Keywords: DNA repair, cell cycle checkpoint, radiosensitivity, BRCA1


DNA damage recognition and repair is a fundamental process required to maintain the fidelity of the genome. Disruption of this process is implicated in the development of human disease and tumorigenesis. The impact of defective DNA double-strand break repair (DSBR) on human development can be observed in patients with inherited disorders such as ataxia-telangiectasia (A-T), Nijmegen breakage syndrome (NBS), DNA ligase IV deficiency syndrome (LiDS), and radiosensitive severe combined immunodeficiency (RS-SCID) who have mutations in the DSBR genes ATM, NBS1, DNA Ligase IV, and Artemis and Cernunnos, respectively. These patients manifest a multitude of clinical features, which include a marked hypersensitivity to agents that induce DNA double-strand breaks (DSBs), such as ionizing radiation (IR), neurological abnormalities, mental retardation, growth defects, gonad dysfunction, and an elevated predisposition to the development of tumors. Because normal development of the immune system requires the introduction of DNA DSBs during antigen receptor gene assembly, defects in the repair of these specialized breaks can lead to profound immunodeficiency (1). This is most notable in LiDS and RS-SCID patients, although immune system abnormalities are also associated with A-T and NBS.

It is known that Artemis and DNA ligase IV, along with XRCC4, Cernunnos/XLF, and the DNA-PK holoenzyme, comprise the components of the nonhomologous DNA end-joining (NHEJ) machinery. The error-prone nature of this DNA repair pathway is invaluable for creating genetic diversity when assembling immune system gene receptors. For example, class switch recombination (CSR) results in the editing of a functional μ-Ig heavy-chain gene, so that the μ-constant region (Cμ) is replaced with an alternative constant region (e.g., α, γ, ε) to generate different Ig isotypes e.g., IgA, IgG, and IgE (2).

During the process of CSR, it has been hypothesized that two closely positioned single-stranded DNA nicks result in the production of a DNA DSB. Although the mechanism of DNA DSB generation during this process remains unclear, there is a requirement for the presence of a DNA DSB to be produced for the proper resolution of the switch recombination process, as loss of components of the DSBR repair pathway, such as H2AX, DNA-PKcs, ATM, and Nbs1, may affect the ability to efficiently switch from IgM to other Ig isotypes (2).

More recently it has been demonstrated that loss of the DSB response protein, 53BP1, in mice also results in a CSR defect (3, 4).

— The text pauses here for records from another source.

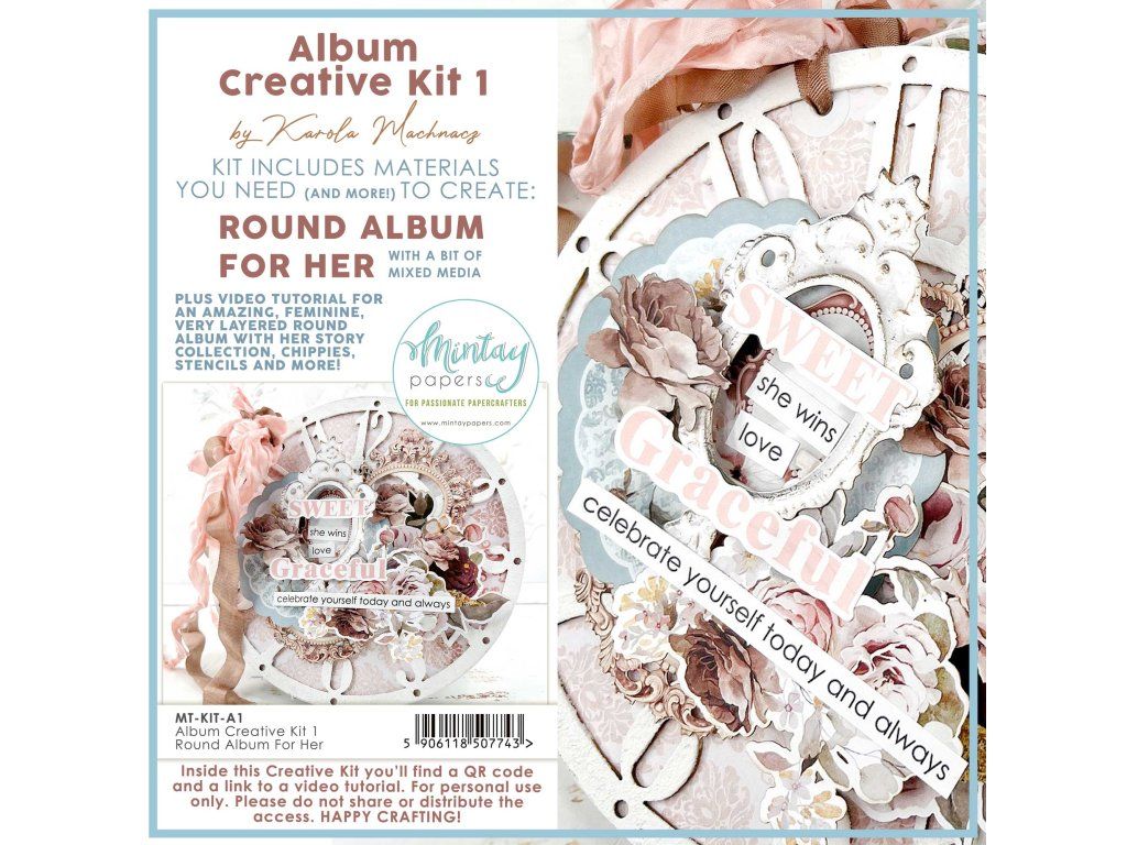 Tato tvůrčí sada vás vezme za ruku a krok za krokem provede vytvořením nádherného kulatého alba plného ženské elegance – od první vrstvy gessa až po poslední ozdobu. Nemusíte nic vymýšlet ani shánět: v balení najdete všechny materiály Mintay Papers, exkluzivní video tutoriál od Karoly (přístupný pouze majitelům sady přes QR kód) a navíc i materiály, které využijete na další projekty. Naučíte se techniky smíšené techniky, práci s chipboard základnou, velkými papíry 12×12 i šikovné triky s klapkami a fotoprostory. Výsledek? Promyšlený, osobní dárek, který vyvolá slzy dojetí – ne proto, že je dokonalý, ale proto, že je od vás.
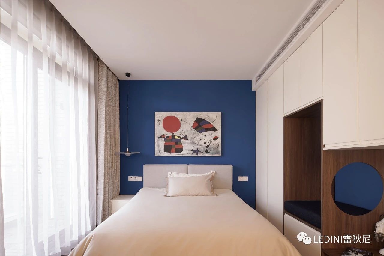 簡約又富有細節(jié),設(shè)計師采用白色和藍色的色彩對比法,
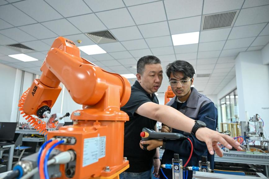 2025年6月16日,在天津现代职业技术学院鲁班工坊实训教室,巴基斯坦留学生木衫(右)在老师指导下操作自动化设备。(新华社记者 孙凡越 摄)
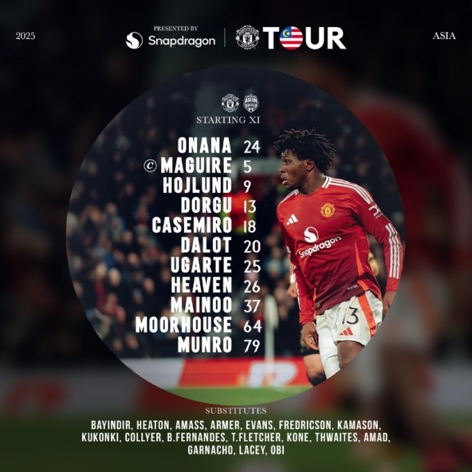 Dù vừa trải qua một mùa bóng rất dài nhưng MU vẫn quyết định tung ra sân đội hình xuất phát khá mạnh trong trận giao hữu với ASEAN All Stars (Các ngôi sao của khu vực Đông Nam Á) với không ít trụ cột của đội 1 như Maguire, Onana, Dorgu, Dalot, Casemiro, Hojlund, Mainoo, Ugarte. Dĩ nhiên trong các trận giao hữu không thể thiếu những gương mặt trẻ: Ayden Heaven – trung vệ sinh năm 2006, Reece Munro – hậu vệ cũng sinh năm 2006 và Jack Moorhouse – tiền vệ sinh năm 2005.
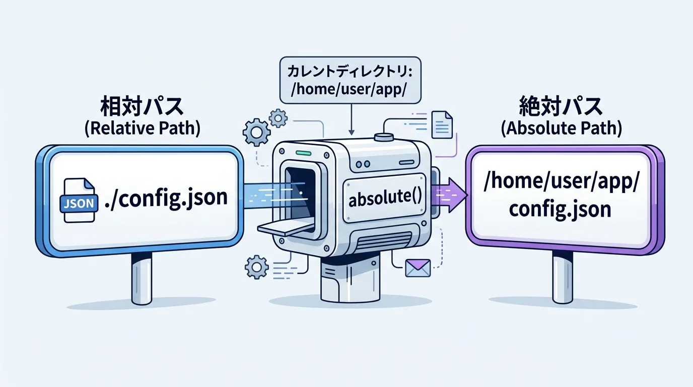 カレントディレクトリを取得する技術の応用として、相対パスから絶対パスを導き出す方法があります。

In support of this role, it has been shown that 53BP1 rapidly relocalizes to sites of DNA damage marked by γ-H2AX after exposure of cells to IR, as well as to the Ig heavy-chain (IgH) loci that have been induced to undergo switch recombination (5).

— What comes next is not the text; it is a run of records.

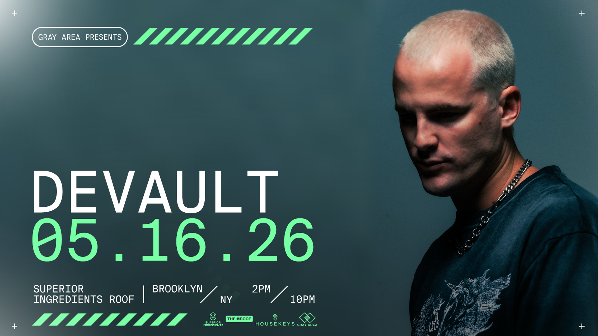 Now stepping into 2026 with his biggest year in sight, DEVAULT arrives at Superior Ingredients ready to prove why his name keeps popping up on lineups that matter. May 16th is your chance to catch him under open sky, on one of NYC’s best rooftops, with the kind of sound that hits clean, dark, and loud where it counts.
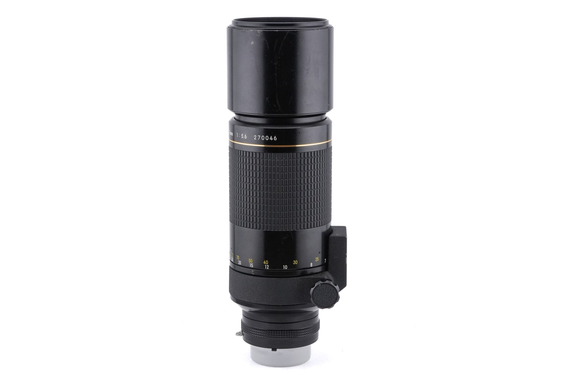 Manual focus telephoto lens made for F-mount 35mm SLR cameras introduced by Nikon in 1975. The optical construction consists of one extra-low dispersion (ED) glass element, which improves optical performance significantly when compared to the previous 400mm model. It has a built-in lens hood and tripod mount. Metal body available in black.
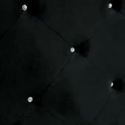 Give yourself the gift of ultimate luxury and comfort with this decadent Washington panel bed. A dual finish of black and white offers notable contrast. The shapely padded headboard, footboard, and sides all features a black glossy finish with glamorous mirrored accents. The Washington bed features a crown silhouette headboard upholstered in beautiful black velvet-like fabric upholstery with button tufting and regal post finials. This exquisite bed creates a definitive focal point in any stylish room.
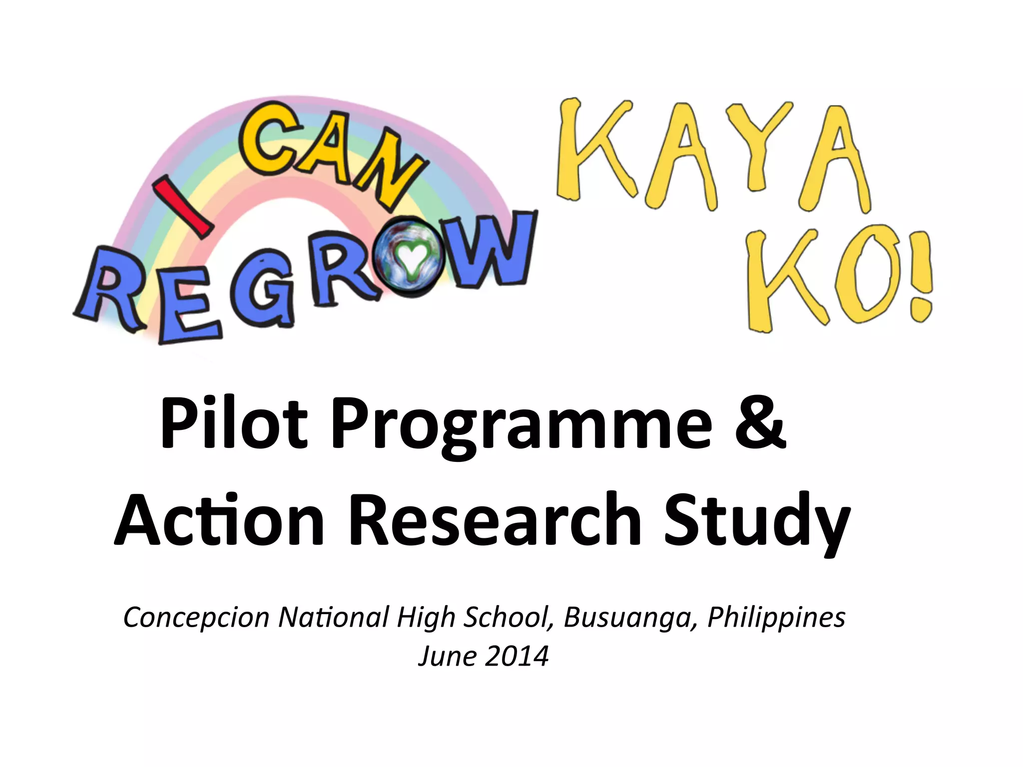 This document provides details about a pilot programme and action research study conducted at Concepcion National High School in Busuanga, Philippines from June to November 2014. The study examined the impact of a mindfulness-based and community rebuilding intervention on learners affected by Typhoon Yolanda. 252 students and 25 teachers participated in a week-long intervention and were asked to complete workbooks and surveys over the following months. The study aimed to understand the issues faced by students, evaluate how community members responded to student-led change projects, and determine if the intervention helped develop students' emotional resilience.

Here, we describe the analysis of cells derived from a newly described human syndrome, termed RIDDLE syndrome whose clinical features are an increased radiosensitivity, immunodeficiency, dysmorphic features, and learning difficulties. Cells from this patient exhibit a different pattern of Sμ–Sα junctions in CSR compared with normal and 53BP1-mediated cellular responses to DNA damage, without any genetic alterations in the TP53BP1 gene. The increased sensitivity to IR is likely a result of a failure to properly relocalize 53BP1, Rif1, and BRCA1 to sites of DNA DSBs. In addition, these cells exhibit protracted ATM-dependent DNA damage signaling, characterized by elevated numbers of γ-H2AX, MDC1, and Nbs1 foci, hyperphosphorylation of Nbs1, RPA2, and H2AX and a prolonged G2/M checkpoint. These data indicate the existence of a previously uncharacterized component of the DSB repair pathway that facilitates 53BP1 recruitment to sites of DNA damage as well as promoting efficient repair of DNA DSBs that occurs after exposure to IR or during class switch recombination.

Results

A clinical description of patient 15–9BI is given in supporting information (SI) Text.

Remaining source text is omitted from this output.